I happen to be in a depressive cycle as I write this, which is why I started a blog and then let it sit for a few weeks with no follow up. It doesn’t just effect my blog writing; it effects every fiber of my creative being. Really. How can I create when all I feel like doing is sitting in a darkened room staring at the walls? No, it’s not really that bad but I do spend an inordinate amount of time staring at a computer screen with nothing productive to show for it.
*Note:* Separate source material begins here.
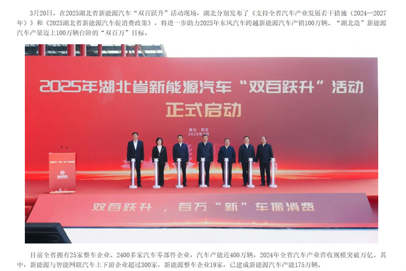 3月19日 (下午)三部門聯(lián)合升級(jí)貨車更新政策:交通運(yùn)輸部、發(fā)改委、財(cái)政部將老舊貨車補(bǔ)貼范圍擴(kuò)展至國(guó)三/國(guó)四排放車輛,取消燃料類型限制。根據(jù)新規(guī),提前報(bào)廢并更換新能源貨車的企業(yè)最高可獲14萬(wàn)元/車補(bǔ)貼,購(gòu)置國(guó)六車型補(bǔ)貼7萬(wàn)元。政策特別設(shè)置"綠色通道",對(duì)參與氫燃料電池車示范運(yùn)營(yíng)的企業(yè)額外給予3萬(wàn)元運(yùn)營(yíng)補(bǔ)貼。支持資金按照總體9:1的原則實(shí)行央地共擔(dān)。 3月20日 湖北省確定汽車產(chǎn)業(yè)“雙百萬(wàn)”目標(biāo) 湖北省分別發(fā)布了《支持全省汽車產(chǎn)業(yè)發(fā)展若干措施(2024—2027年)》和《2025湖北省新能源汽車促消費(fèi)政策》,將進(jìn)一步助力2025年“湖北造”新能源汽車產(chǎn)量邁上100萬(wàn)輛臺(tái)階的目標(biāo)。 3月21日 大同構(gòu)建新能源商用車生態(tài)圈 3月29日 央企重組開(kāi)啟產(chǎn)業(yè)新格局 3月,財(cái)政部的扶持政策不僅延長(zhǎng)了購(gòu)置稅減免期限,還加大了對(duì)充換電基礎(chǔ)設(shè)施和智能網(wǎng)聯(lián)技術(shù)的投入,為新能源專用車的市場(chǎng)推廣和基礎(chǔ)設(shè)施建設(shè)提供了有力保障。此外,三部門聯(lián)合升級(jí)的貨車更新政策,提供了豐厚的補(bǔ)貼,將促進(jìn)新能源專用車的銷售。湖北省確定汽車產(chǎn)業(yè)“雙百萬(wàn)”目標(biāo)不僅為當(dāng)?shù)?/span>提供了政策支持和市場(chǎng)需求保障,還促進(jìn)了產(chǎn)業(yè)鏈的協(xié)同發(fā)展和新能源專用車的普及推廣。這一系列政策將有助于推動(dòng)新能源專用車產(chǎn)業(yè)的快速發(fā)展和壯大。 |

Sometimes, I can pull myself up and out of the cycle by doing little scribble art cards or writing in my journal or coming up with new recipes. But lately I can’t seem to do any of those. So, you can imagine how surprised I was to wake up two mornings ago with words floating in my mind. I couldn’t make sense of them and, frustrated, I got out of bed and showered. As I was showering I realized that the words were speaking to me about how it feels to be depressed. I sat down with a pen in hand and quickly wrote a short poem, something I’ve been unable to do in months.
Without A Poem
Words crow salutations to the sun,
their black wings beating in my soul.
I cannot make sense of them.
Their sounds swirl in airless skies,
spewing nonsense onto my skin.
I sleep again
without a poem to sing me alive.
Yes, it sounds despairing, that poem. But those words came from my creative spirit which is still there, alive, under the dullness of depression. And that little poem brings me hope much like Emily Dickinson wrote more than a hundred years before me: “Hope is the thing with feathers / That perches in the soul, / And sings the tune without the words, / And never stops at all. . .”
I guess the moral of the story is to listen to yourself. Even when you are too sad, depressed, stressed, busy, or angry to create, your inner creative spirit will let itself be known to you by the fluttering of hope’s wings and a wordless tune.